Monday, July 9, 2012

Great Scientific Experiments

Thomas Kuhn’s work focused on paradigm shifts.  (Reviewed on Necessary Facts, here.) To Kuhn, paradigms define the puzzles that “normal science” pursues.  Kuhn stated that it is not the program of normal science to seek out troubling anomalies.  However, the pursuit of puzzles inevitably leads to just that: the more we discover, the deeper our new questions.  Rom Harré’s overview, Great Scientific Experiments (Phaidon Press, 1981) at once supersedes and supports Kuhn’s thesis.

Of the perhaps millions of discrete experiments recorded in the past 2500 years, what makes some “great”?  Different criteria recommend the selections here. Harré builds several structure to group these twenty experiments by what they demonstrate about methods, theories, and techniques.  Induction, inference, accident, null results, decomposition, and unification are subheads for the experiments of Faraday.  Pasteur, Berzelius, and the others.  Four aspects of Kuhn’s “normal science” appear here.  Harré first grants importance to experiments that are culturally famous to us.  Michelson-Morley is entwined with a paradigm shift in physics.  The second kind “were influential in their own times … and which have continued to reverberate through the subsequent development of a field of study.” Aristotle’s embryology of the chick and Theodoric of Freibourg’s investigation of the rainbow are among those.
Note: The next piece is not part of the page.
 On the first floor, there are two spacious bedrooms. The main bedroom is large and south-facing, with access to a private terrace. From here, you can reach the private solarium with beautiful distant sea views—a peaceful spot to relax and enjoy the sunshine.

Elegance is represented by Robert Norman’s discovery of the magnetic field.  Finally, no experiment is truly isolated because all are part of the daily working life of a scientist. Therefore, the works of Faraday and Rutherford are offered as examples of the results of long lines of many small experiments.

Horace Romano Harré (Rom Harré)
is an adjunct professor at Georgetown.
Read his Wikipedia biography
Immersed in the sociology,
Rom Harré has a Facebook page 
and is on LinkedIn.

Kuhn says that often no agreed standard differentiates theories because scientists adhering to different paradigms talk past each other.  Harré offers three examples of experiments that helped us select from rival hypotheses: Robert Norman on the dip of the magnetic field; Stephen Hales on circulation in plants; and Konrad Lorenz on imprinting.  We know that happy accidents sometimes propel science. Pasteur's famous quote, "In the fields of observation, chance favors only the prepared mind." places his work here, along with Ernest Rutherford's study of transmutation.
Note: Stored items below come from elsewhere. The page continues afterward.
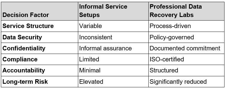 Data recovery is not merely a technical task -- it is a trust-driven decision. While pricing and timelines often influence initial choices, the long-term implications of data handling, privacy protection, and compliance deserve equal consideration.
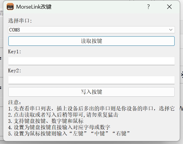 1.烧录好固件后使用下图软件MorseLink程序改键,MorseLink的下载地址
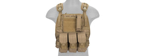 Specifications: Color: Tan Size: Fully Adjustable Material: 1000 Denier Nylon Pals Webbing: Front and Back Shoulder Straps: Adjustable, Padded, Quick Release, 4 D-Rings Waist Waist Strap: Adjustable, Quick Release Magazine...

(That last, too, reflects Kuhn's theory.  According to Harré, we do not know precisely when scientists abandoned attempts at transmutation of the elements.  In Kuhn's terms, the changes in culture we call the Enlightenment reinforced a new view in science that atomic corpuscles are elementary, in a new sense of the word "element.")

Harré’s Introduction explains three broad philosophies of science: inductivism, fallibilism, and conventionalism. The projects here also are evidence of these three in action.  Galileo’s inclined plane is one example of the inductive method (and also but one step preceded by a long line of previous experiments and reasoning).  The insightful experiments of Jacob and Wollman on the direct transfer of genetic material also exemplify the development of a theory by teasing out the causes of known events.

Harré relies as much as possible on original material, quoting heavily, while explaining for conciseness.  Life sciences stand with physical sciences. 

For all of its intended value, I personally found pleasant surprises in several of the works: science as we know it was practiced in the Middle Ages.  (See, also, Stephen McCluskey’s Astronomies and Cultures in Early Medieval Europe, Oxford, 1998.) Harré points to the theories and practices at Merton College, Oxford, 1328-1350, which served as the basis for Galileo’s investigations.  Even more, characters in modern science fiction often speak of “fields” but the term goes back to Robert Norman’s The Newe Attractive, published in 1581.